Bei uns darf man den Schein ab 10 Jahren machen, egal ob Jugenfischereischein oder gleich den richtigen.


----------



## Janbr (2. August 2010)

*AW: totschläger*

Irgendwie scheint das ein Geheimnis zu sein wie ein Fisch waidgerecht zu toeten ist. Von offizieller Seite finde ich nur was in Sachsen, hier muss der Kiemenschnitt erfolgen: 

http://www.smul.sachsen.de/de/wu/La.../Mitteilung_Fische_waidgerecht_toeten_neu.pdf

D.h. der Fisch ist waidgerecht zu toeten, aber was waidgerecht ist, bleibt Auslegungssache...... sonst haben wir doch auch fuer alles eine Regelung.

Gruss

Jan


----------



## Janbr (2. August 2010)

*AW: totschläger*

@ Knigge

Ich will jetzt deine Aussage nicht anzweifeln, aber rein aus Interesse, hast du auch einen Beleg fuer deine Aussage zum Herzstich?
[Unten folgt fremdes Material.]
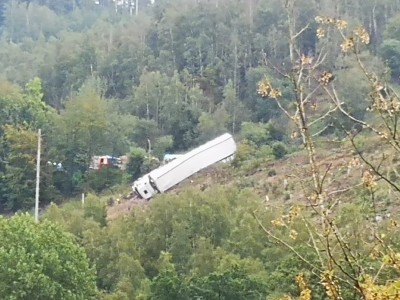 Bergneustadt - Bei einem LKW-Unfall auf der B55A hat sich am Freitagmorgen ein LKW-Fahrer aus Belarus schwere Verletzungen zugezogen. Der 39-Jährige war gegen 07.35 Uhr mit einem Sattelzug aus Richtung der Autobahn gekommen und in Richtung Bergneustadt gefahren. In einer 90-Grad-Kurve am Ende der Kraftfahrstraße fuhr er nach Zeugenangaben ungebremst geradeaus. Der Sattelzug fuhr über die ansteigende Böschung hinweg und stürzte anschließend einen steilen Abhang hinab.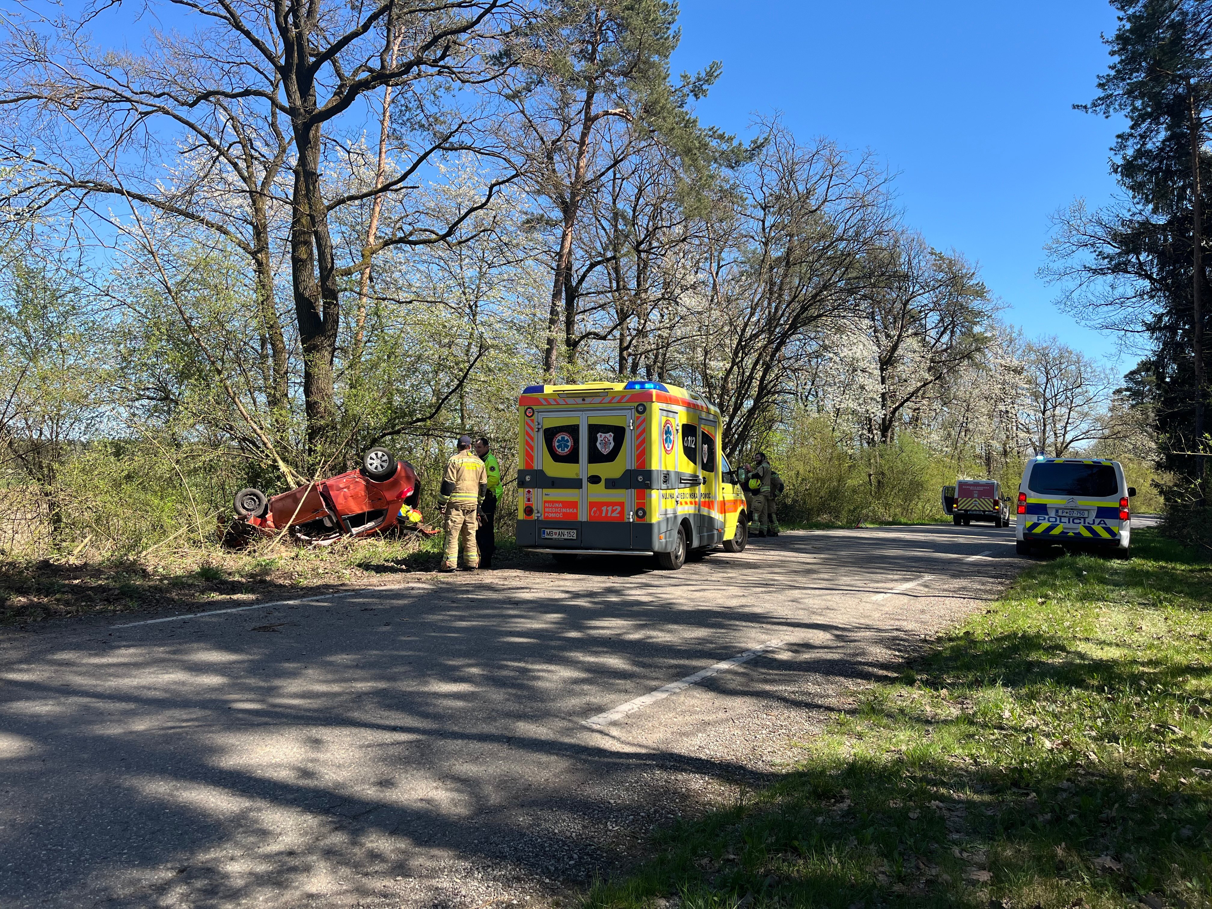Avtomobil je zaneslo s cestišča in ga prevrnilo na streho. Kljub dramatičnemu prizoru, ki je pritegnil pozornost mimovozečih in sprehajalcev v kraju, se je nesreča za udeleženca končala bistveno bolje, kot bi se lahko - po do zdaj znanih podatkih je utrpel le lažje poškodbe.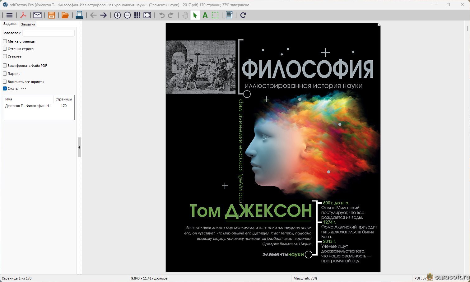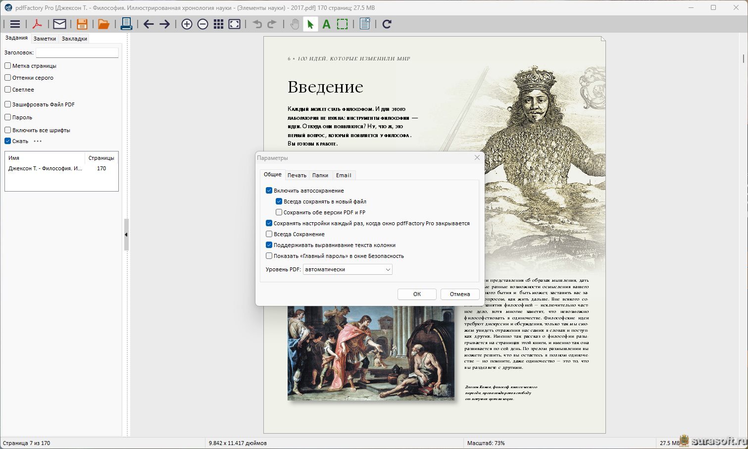 Описание: pdfFactory Pro - удобное приложение, представляющее из себя драйвер виртуального принтера, создающий документы в формате PDF. Поддерживает создание PDF-проектов из нескольких документов или файлов, имеет режим предварительного просмотра. Возможна установка запрета на редактирование документа, его шифрование и установка пароля на открытие. В профессиональной версии, в отличие от стандартной, существует возможность добавления номеров страниц, верхних и нижних колонтитулов, водяных знаков, создания закладок и ряд других дополнений. В третьей версии добавлена функция сохранения в формат FP, возможность настройки пользовательского интерфейса, настройка графики для цветных и монохромных файлов в отсканированных документах.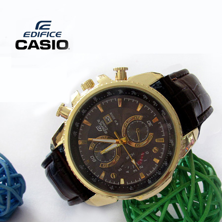 ساعت مچی Casio EF-558 با بند چرم یکی از جدیدترین مدل های عرضه شده کمپانی معتبر کاسیو می باشد. این ساعت دارای بند چرم بسیار با کیفیت و صفحه شیشه ای ضدخش می باشد که در 2 رنگ بند مشکی و قهوه ای و همچنین صفحه طلایی و مشکی عرضه شده است. این ساعت دارای تقویم روز شمار می باشد و تا 80 درصد نیز ضد آب است. هم اکنون می توانید ساعت مچی کاسیو EF-558 بند چرم را همراه با جعبه شکیل و 6 ماه گارانتی تعویض با قیمت استثنایی از فروشگاه میهن استور سفارش دهید.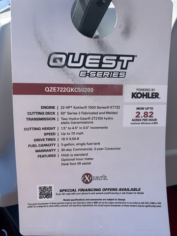 Need to make quick work mowing your lawn? Quest E-Series zero-turn lawn mowers deliver professional performance and power at the tip of your fingers. The residential zero-turn mower allows homeowners to mow up to 2.8 acres per hour, moving up to 7 mph. Add Exmark's zero-turn maneuverability, and it adds up to a premium residential mower at an affordable price. Ride in style and comfort on the E-Series mower's floating decks and ergonomically designed seat system. Every Quest comes with commercial-grade wheels to instill confidence in the riding mower's ability to deliver precise cutting and professional-grade traction for zero-turn riding. This mower is priced to sell, message us today! Financing available.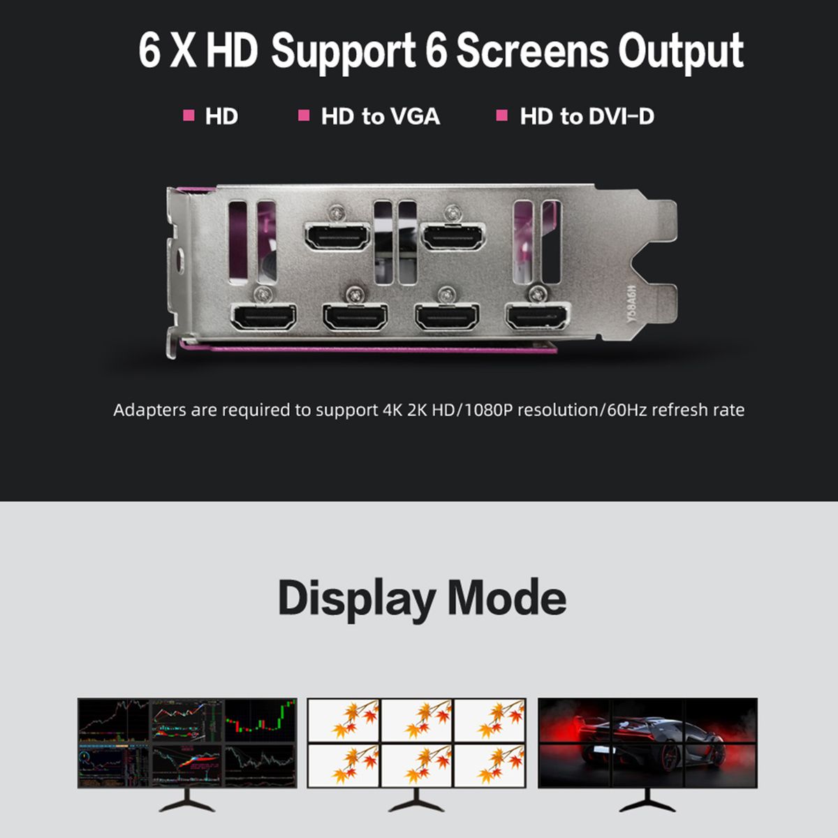 ▶ Design with 6pcs High Definition Multimedia Interface Ports, support 6 screens of output. (Adapters are required to support 4K /2K HD/1080P resolution/60Hz refresh rate)
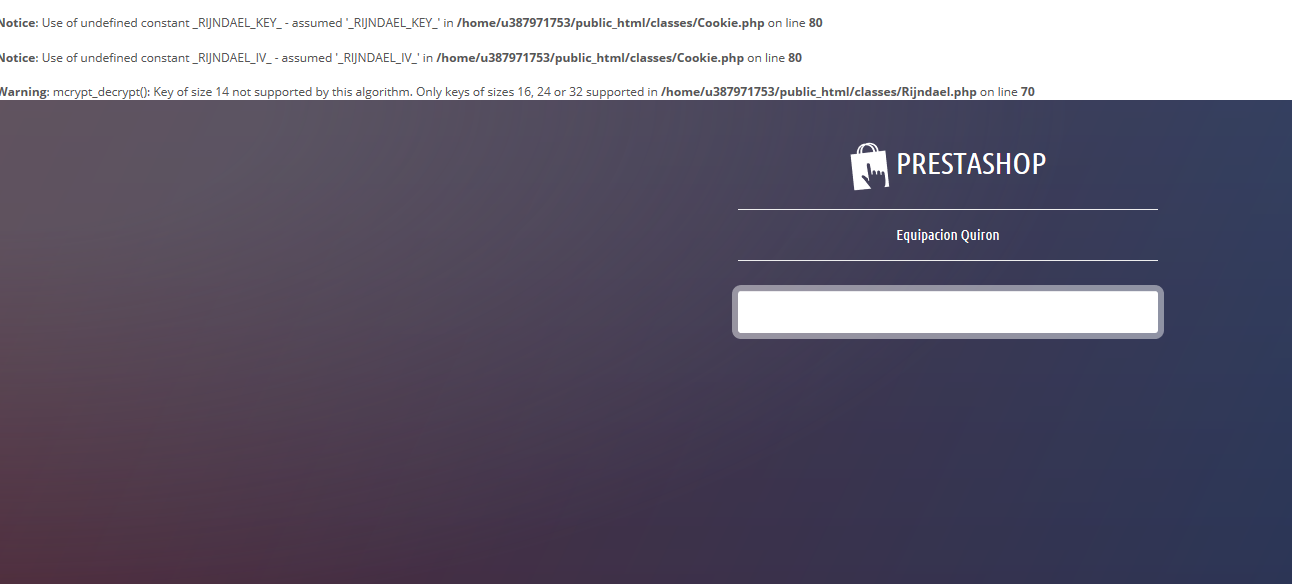 Ledwis Posted December 4, 2017 Author Share Posted December 4, 2017 (edited) Hello Razaro, I have deleted the cache, also it was in the tutorial followed, but nothing. I have deleted everything and upload it by FTP client (before I used the option of the host to import a site) but still the SAME problem. By the way, I tried to log in a client account, and i cannot, it does the same, like loading but nothing happened,: Notice: Use of undefined constant _RIJNDAEL_KEY_ - assumed '_RIJNDAEL_KEY_' in /home/u387971753/public_html/classes/Cookie.php on line 80 Notice: Use of undefined constant _RIJNDAEL_IV_ - assumed '_RIJNDAEL_IV_' in /home/u387971753/public_html/classes/Cookie.php on line 80 Warning: mcrypt_decrypt(): Key of size 14 not supported by this algorithm. Only keys of sizes 16, 24 or 32 supported in /home/u387971753/public_html/classes/Rijndael.php on line 70 Warning: mcrypt_encrypt(): Key of size 14 not supported by this algorithm. Only keys of sizes 16, 24 or 32 supported in /home/u387971753/public_html/classes/Rijndael.php on line 50 If I write worng password, it displays that password is wrong... I update, I wanted to create new account, just to check, and I receive next error: TECHNICAL ERROR: unable to load form. Details: Error thrown: [object Object] Text status: parsererror Some idea? Edited December 4, 2017 by Ledwis (see edit history) Link to comment Share on other sites More sharing options...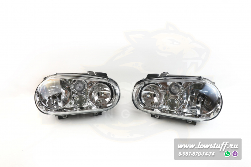 Передние фары головного света для VW Golf 4 прозрачное стекло хром отражатель с противотуманками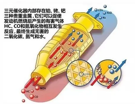 大部分汽車中都有一個(gè)配件——三元催化器,它能減少諸如一氧化碳、碳?xì)浠衔锖偷趸衔锏扔泻怏w的排放,是汽車中一個(gè)比較重要的組成部分。轉(zhuǎn)換器中的某些化學(xué)反應(yīng)會(huì)將有害物質(zhì)轉(zhuǎn)換為二氧化碳、水和氮。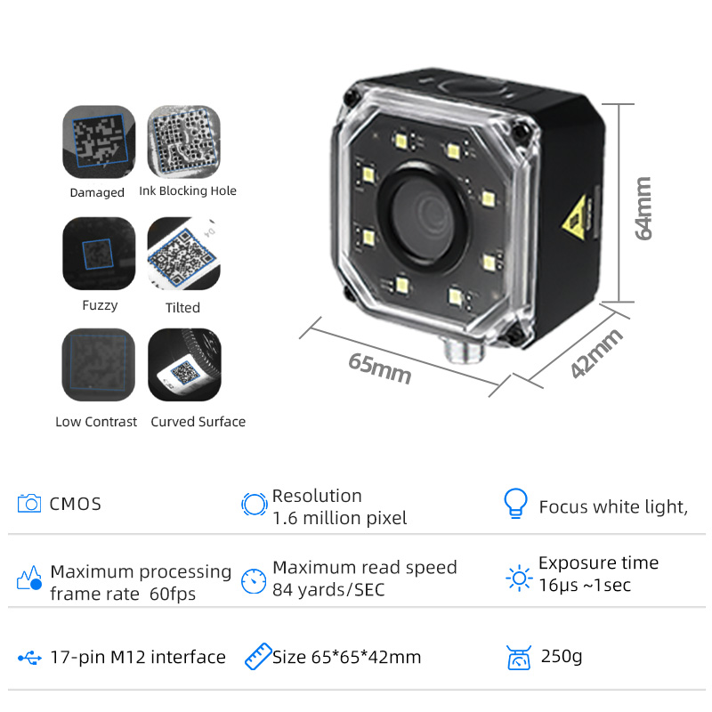 Key Advantages: With 86 scans/second ultra-high speed and 2mm mini code reading capability, it is equipped with a high-sensitivity HDR sensor and anti-reflective optical components. The adaptive lighting system can switch between diffused and directional light according to surface reflectivity, avoiding glare on high-gloss surfaces such as PCB boards and automotive components. Its deep learning decoding algorithm has strong anti-interference ability, which can accurately recognize reflective DPM codes and high-density barcodes, supporting seamless integration with industrial automation systems.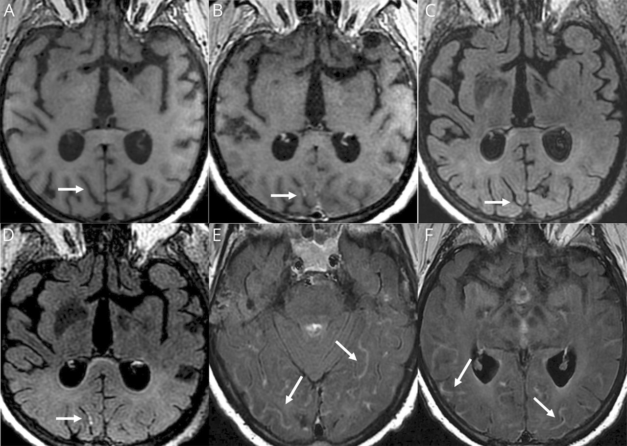 Axial T1 (A) before and (B) 5 minutes after contrast, axial FLAIR (C) before and (D) immediately after contrast, and (E and F) delayed (10 minutes) postcontrast axial fluid-attenuated inversion recovery (FLAIR) weighted MRIs. Woman 77 years of age: diffuse leptomeningeal linear FLAIR and T1 contrast enhancement (arrows) not visible on precontrast T1 and FLAIR (arrows) but seen better on delayed postcontrast FLAIR weighted MRIs (E and F).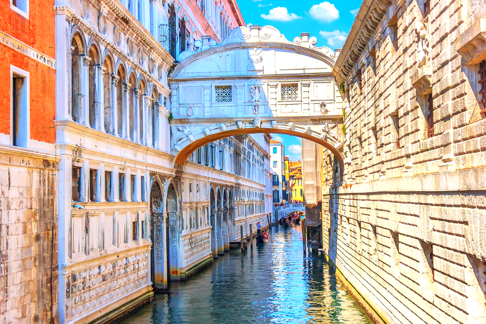 [Bridge of Sighs] is made of white limestone, has windows with stone bars, passes over the Rio di Palazzo, and connects the New Prison to the interrogation rooms in the Doge's Palace.

Ich konnt naemlich nix finden. 

Gruss

Jan


----------



## Knigge007 (3. August 2010)

*AW: totschläger*

Wurde im Kurs so gelernt stand da auch auf den Folien die ja vom Landesfischereiverband stammen und wurde egal ob Prüfungsleiter oder sonstigen Leuten die es eigentlich ja wissen müssen (?!!!) immer so gesagt.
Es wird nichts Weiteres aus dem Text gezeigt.